第1章
第1章 摆好了刑具,人却吓晕了
大业十七年的三月初三,这是公主苏郁这辈子最开怀的好日子。
原因在乎,她的三皇兄,她斗了七年的死对头苏渭,终于被贬为庶人流放到岭南去了。
这是三皇子苏渭滚出大周皇城的日子,整个五公主府上上下下弥漫着一种异常忙碌的气息。尤其在别院里,十来个彪形大汉搬着刑凳刑架板子夹棍烙铁盐水辣椒水来来回回,大约十七八件刑具整整齐齐地陈列在五公主歇脚的贵妃榻前。
苏郁优雅地尝了一口汉阳新进贡的雨前茶,甚为欣慰地望着眼前一道道刑具。她估摸着时辰,人也是该到了。
月门外路过的仆役何尝见过此等阵仗,议论纷纷。
“公主这是要去大理寺当郎官了?”
“什么话,公主要去也是做他大理寺的寺卿,做什么郎官?”
“那摆这些家伙什儿是要作甚?”
“听说啊,是要对付咱们公主的死对头。”
“死对头?今儿那三皇子不就被废出京了,公主要怎的对付他?”
“哪儿是什么三皇子。”一位在公主府侍奉多年的仆役道,“是三皇子府上的长史。”
“一个长史还要公主这么费心?”
“那位可不是寻常人。”这人感慨,“要不是她,公主何至于与那三皇子斗这么多年。就如三皇子这般蠢钝,猪都比他扶得上路!”

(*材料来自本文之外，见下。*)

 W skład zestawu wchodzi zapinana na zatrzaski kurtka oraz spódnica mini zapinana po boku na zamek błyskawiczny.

三皇子苏渭蠢钝如猪,是整个大周人尽皆知的事情,是以他能和五公主苏郁斗上这么多年,人人都猜测他走了大运,不然以他的人品才学,早就让五公主斗得底裤都输光了。
“那这人可真是神了。”
“这人再神,摊上三皇子这么个主子,那也是惨咯。她帮着三皇子和咱们公主作对,这么多年,公主早就恨透了她,这不,这人啊跟着三皇子遭牵连,本来是要砍脑袋的,公主暗中教大理寺直接把这人贬成奴籍,又把她的籍契攥在手里,等会儿人就接回来了。”

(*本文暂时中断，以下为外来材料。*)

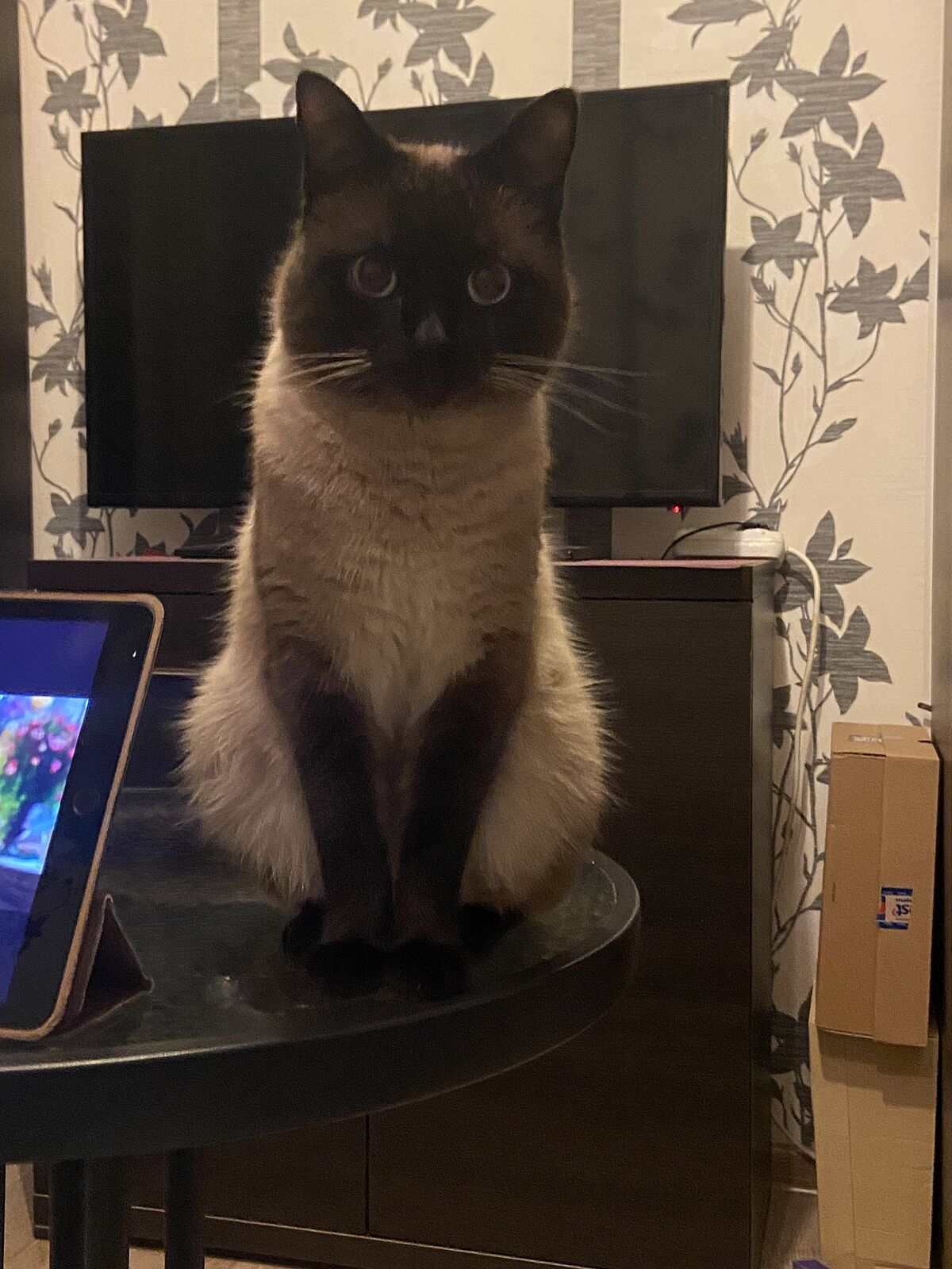 Завжди з усіма сидить. Ідемо в підвал, коли тривога, теж завжди іде до нас і сидить там .)

“接回来?公主难道还要用昔日的死对头?那公主也太宽宏大量了!”
“呸,还用她!只怕是要折磨的!”那人指了指一排整整齐齐的刑具,“瞧见没有,一会儿,这儿的血,只怕擦都擦不干净咯……”
午时,晴光如翠,天似琉璃。
苏郁让人添了杯茶,外头贴身侍从沈越走了进来,拱手道:“公主,人带来了。”
“把她带上来。”
公主府门外,慕椿狠狠打了个冷颤,看了看两个押解她的彪形大汉,努力地笑了笑:“两位大哥……你们一个月,多少例银啊?”
两个大汉面面相觑,也不理她,只因公主交待过,千万不能听这个舌灿莲花的女人讲话。
慕椿又道:“是这样的,我呢……虽然成了阶下囚,但我这个人一向居安思危,是以一早给自己存了二百两安家银子,两位大哥只要放我一条生路,不不不……你们只要别让我见你们公主,杀了我,这钱就是你们的了。”
两个大汉面面相觑,还不等慕椿第三句话出口,沈越从里头出来,冷笑道:“慕长史,你买人也不看看地方。”
慕椿勉强笑道:“沈侍卫长……好久不见啊。”
沈越和她也算是熟人,闻言半讥半笑,道:“是啊,不想慕长史混到了这地步,还真是可怜啊……”
“唉,时运不济啊。”慕椿感慨,“我知沈大人是个好人,要不……看在我们相交相识这么些年的份儿上,您在郁公主面前替我求求情……”
“好啊。”
慕椿一怔:“好、好?”
“好,我定然一五一十地告诉公主,说你慕长史大难临头了,还想着从我公主府收买人心。”沈越冷笑着转身,“押进来。”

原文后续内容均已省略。